Confused, Zhu Zhuqing struggled to open her eyes. The scene before her was so unbelievable her mind refused to process it at first.

The three men who had been hunting her were now lying in unnatural, broken heaps on the forest floor. Their necks were twisted at impossible angles. Standing amidst them, like a statue carved from shadow and moonlight, was a young man. He was shirtless, his torso marked with faint, silvery scars and the solid, lean muscle of a seasoned fighter. He wasn't even breathing heavily. Around him, several dark, misty shapes—ghostly figures of wolves and great cats—paced silently before dissolving into the air. He was looking right at her, and on his handsome, youthful face was a grin that held no mirth, only a kind of detached, predatory satisfaction.

The sheer, violent incongruity of it—the calm boy surrounded by instant death—was too much for her overtaxed system. The adrenaline that had been sustaining her vanished. A wave of dizziness and pain, both physical and emotional, crashed over her. Her vision swam, the image of the strange young man blurring into the darkness of the canopy above.

"Hey," the young man said, his voice laced with faint amusement. "Why are you unconscious?
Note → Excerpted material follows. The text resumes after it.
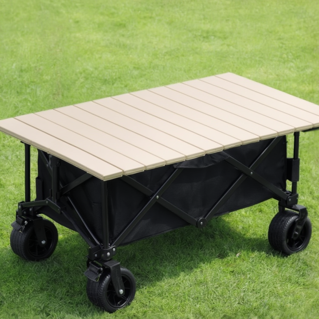 Усиленная складная тележка Gathering Tank Wheel со столешницей — надежное и универсальное решение для кемпинга, дачи, пикников, рынка и перевозки объемных и тяжелых грузов. Прочная конструкция на железном каркасе в сочетании с износостойкой тканью Oxford обеспечивает долговечность, устойчивость и высокую надежность при эксплуатации. Вместительный внутренний отсек позволяет удобно размещать продукты, туристическое снаряжение, инструменты и хозяйственные принадлежности.

Are you trying to scam me? I didn't even touch you."

He took a few steps closer, his head tilting. Only after a quick, assessing glance did he see the true severity of her wounds and the utter exhaustion in her slack features. The grin faded, replaced by a look of slight exasperation. He let out a short sigh, a cloud of condensation in the cool forest air.

"I'm too kind for my own good," he muttered to himself, the words barely audible.
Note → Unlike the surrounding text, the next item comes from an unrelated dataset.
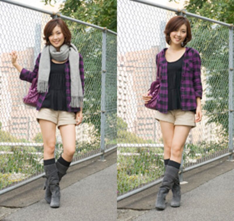 | 左が巻物あり、右が巻物なし。トレンドのチェック柄アウターにFREE’S SHOPのショートパンツを合わせたボーイズ風スタイル。グレーの巻物をあしらうことにより、洗練された大人めカジュアルスタイルに。(読者モデル 小川りか子さん) |

He bent down. With a care that contrasted sharply with the brutality of moments before, he slipped one arm under her knees and the other behind her back, lifting her as easily as he might lift a bundle of firewood. She was surprisingly light. He adjusted his grip, ensuring her injured leg was supported, and turned back the way he had come, leaving the clearing and its silent occupants behind as if they were nothing more than discarded leaves.

As he walked, carrying his unconscious burden back toward the safety of his lodge by the lake, Chu Tianxiu allowed himself a small, private thought. The hunt had been a minor diversion, but it had been clean. Efficient. There was a clarity in the forest's violence that the tangled betrayals of the human world sorely lacked. This "little kitten," as he already thought of her, was just another piece of the world's chaos. But for now, she was a piece he had claimed.